The Mechi originates in the Mahabharat Range in Nepal. It flows through Nepal, forms the boundary between India and Nepal and then flows through the Indian state of Bihar to join the Mahananda in Kishanganj district.
The Mechi-Mahananda interfluve is a transitional area between the hills and the plains and exhibits a wide range of topographical variations. The rivers originating in the hills attain a braiding character and have well developed alluvial fans.
The Mahananda river system of which Mechi is a part has a catchment area of 8,088 square kilometres (3,123 sq mi) in Nepal and 11,520 square kilometres (4,450 sq mi) in India.
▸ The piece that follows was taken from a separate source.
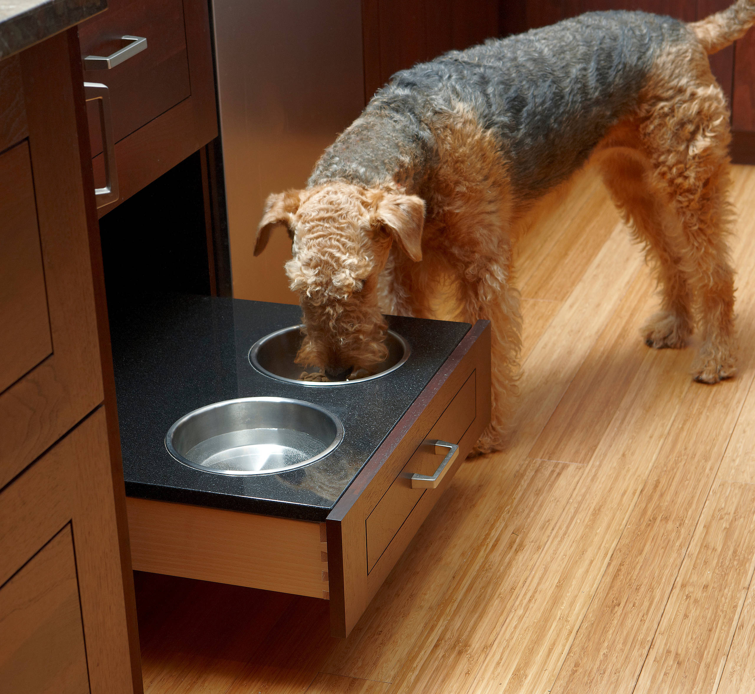 In this project, by Anthony Wilder Design/Build, an eating and storage area for the dog is tucked into the end of a wall. Below are the bowls; above are dog accessories and treats.
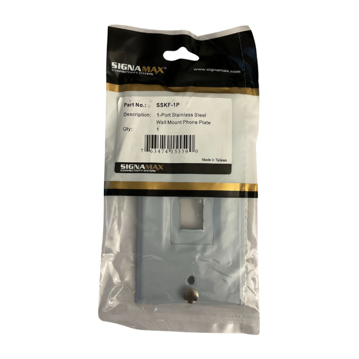 SIGNAMAX Keystone Phone Plate, 1 Gang, 1 Port, Standard Size, Flush Mount, Stainless Steel

Embankments exist of the left bank of the Mechi River for 14 kilometres (9 mi) in West Bengal. These need remodelling to prevent floods in the Naxalbari area of Darjeeling district. There also is a need for new embankments. As the Mechi forms the international border, it was agreed at a meeting of the Nepal-India Joint Standing Technical Committee to take due care in aligning the embankments so that they would be at identified distance from the border and the top levels of the embankments should be kept same on both sides, as far as practicable.
There is a proposal to link the Mechi to the Kosi. Kosi–Mechi interlinking is part of a NPR 56000 billion River Interlinking Project proposed to Nepal by India. The Kankai forms part of this project. Besides the High Dam, a barrage across Kosi river will also be constructed near village Chatra, 10 to 12 kilometres (6 to 7 mi) below the proposed Kosi High Dam, to transfer water to the Mechi through the Kosi–Mechi link canal.